Est-ce normal de ne pas encore vouloir préparer la chambre du bébé ?
Mon dieu, OUI. J'ai littéralement gardé la porte de la chambre d'amis fermée jusqu'à mes 34 semaines de grossesse. Mon mari voulait la peindre, je me suis mise à pleurer et je lui ai dit que s'il ramenait un pinceau dans la maison, je déménageais. C'est une réaction traumatique tout à fait normale. Votre bébé s'en fiche de dormir dans une chambre Pinterest parfaitement décorée ou dans un berceau à côté de votre lit défait. Protégez votre cœur avant tout.

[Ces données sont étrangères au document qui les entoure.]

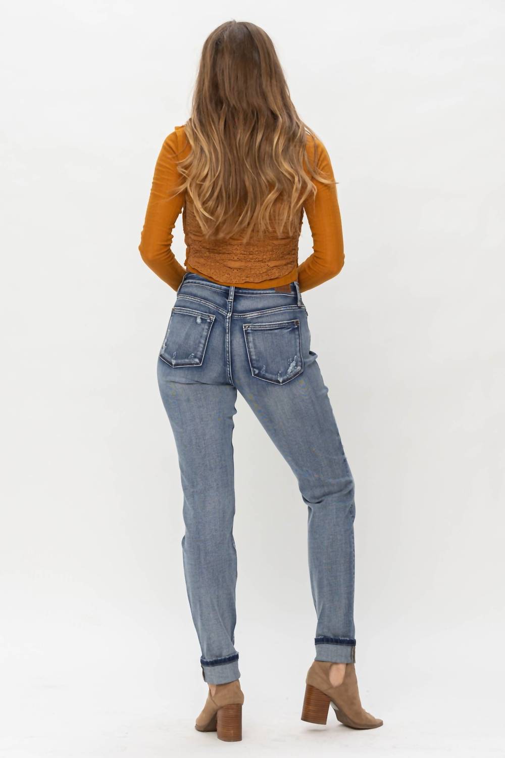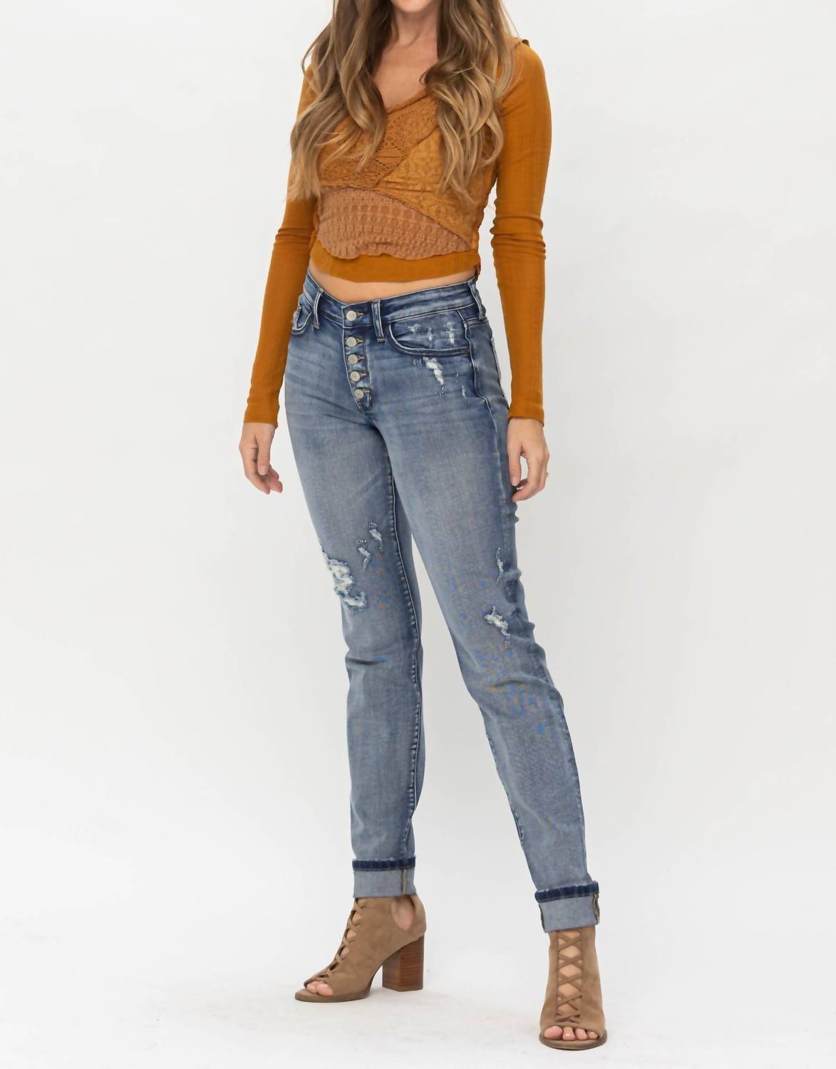 Judy Blue - Mid Rise Button Fly & Cuff Options Tall Boyfriend Denim Jeans
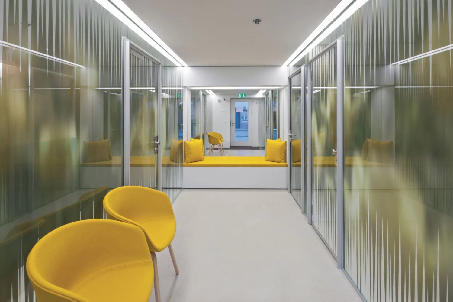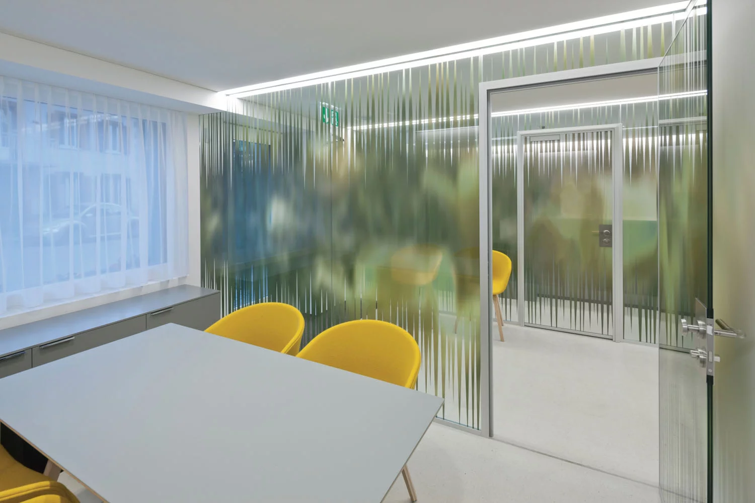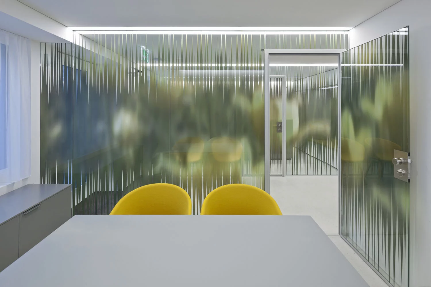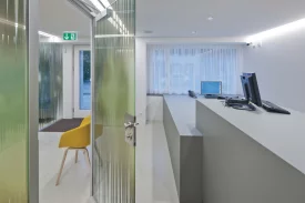 Die kleine Geschäftsstelle in Grengiols wurde komplett umgebaut. Die Fenster wurden vergrössert und von Profilen befreit, so wie die ursprünglichen Schaufenster waren. Der Raum wird neu durch zwei Glaswände in Wartezone, Schalterzone und Beratungszimmer unterteilt. Ein Spiegel dient der Raumerweiterung. Abstrahierte Tulpenbilder bilden den Sichtschutz auf dem Glas.
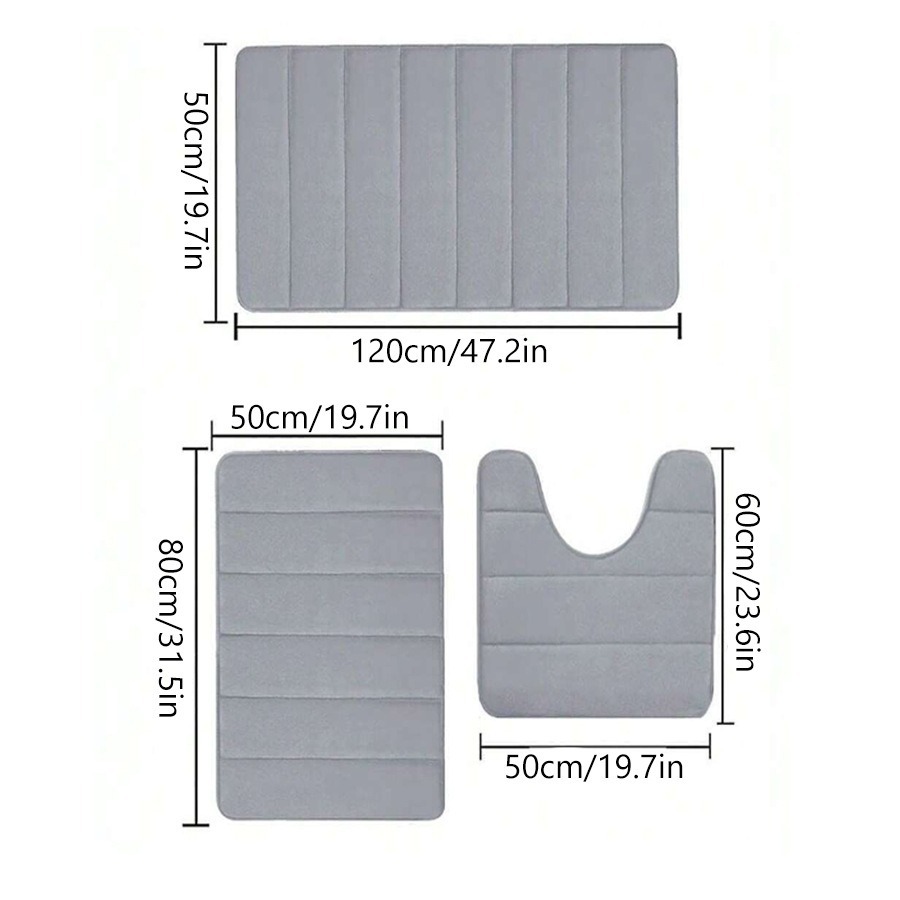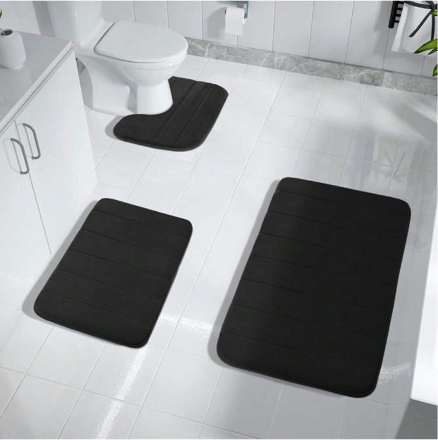 가정용 단색 두꺼운 퀼트 미끄럼 방지 발 패드, 흡수성, 내마모성 및 관리가 쉬운 욕실 화장실 3피스 바닥 매트스토어 가기
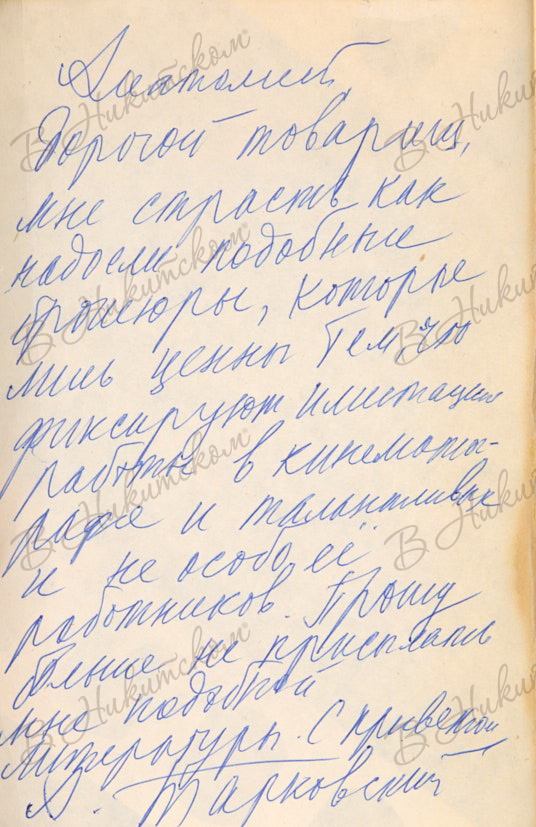 [Автограф Андрея Тарковского]. Четвёртый съезд кинематографистов СССР. Материалы о работе правления Союза Кинематографистов СССР. М.: Союз Кинематографистов СССР, 1981.
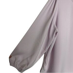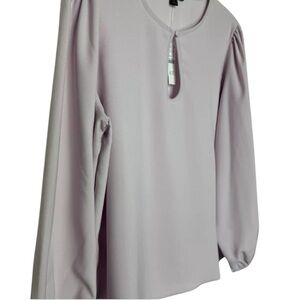 Elegant light lavender blouse with long sleeves. Features a keyhole neckline.

Dois-je appeler mon enfant un bébé arc-en-ciel si je déteste ce terme ?
Non. Vous ne devez aucune étiquette poétique à personne pour justifier votre traumatisme. Si appeler votre enfant un bébé arc-en-ciel vous fait du bien et vous aide à trouver une communauté, c'est magnifique. Si ça vous met mal à l'aise ou que ça vous donne l'impression de minimiser le bébé que vous avez perdu, alors appelez juste votre nouveau bébé par son prénom. Il n'y a pas de règles ici, peu importe ce que dictent les forums sur internet.

Comment gérer l'angoisse avant chaque échographie ?
Honnêtement, on s'accroche comme on peut. Mais ce qui m'a aidée, c'est de dire à l'échographiste dès mon entrée dans la pièce : « J'ai vécu une perte précédente et je suis extrêmement angoissée. S'il vous plaît, dites-moi immédiatement ce que vous voyez. » N'essayez pas d'être la patiente « détendue ». Soyez la patiente qui a besoin de réconfort. Obtenez l'assurance dont vous avez besoin.

Les dopplers fœtaux à domicile sont-ils une bonne idée pour écouter le cœur ?
Ma gynéco m'a littéralement suppliée de ne pas en acheter un. Elle m'a dit qu'à moins d'être un professionnel de santé formé, trouver le rythme cardiaque est vraiment difficile, et si vous ne le trouvez pas parce que le bébé a bougé ou que vous vous y prenez mal, vous allez plonger dans une crise de panique totale. Je m'en suis tenue éloignée pour ma propre santé mentale.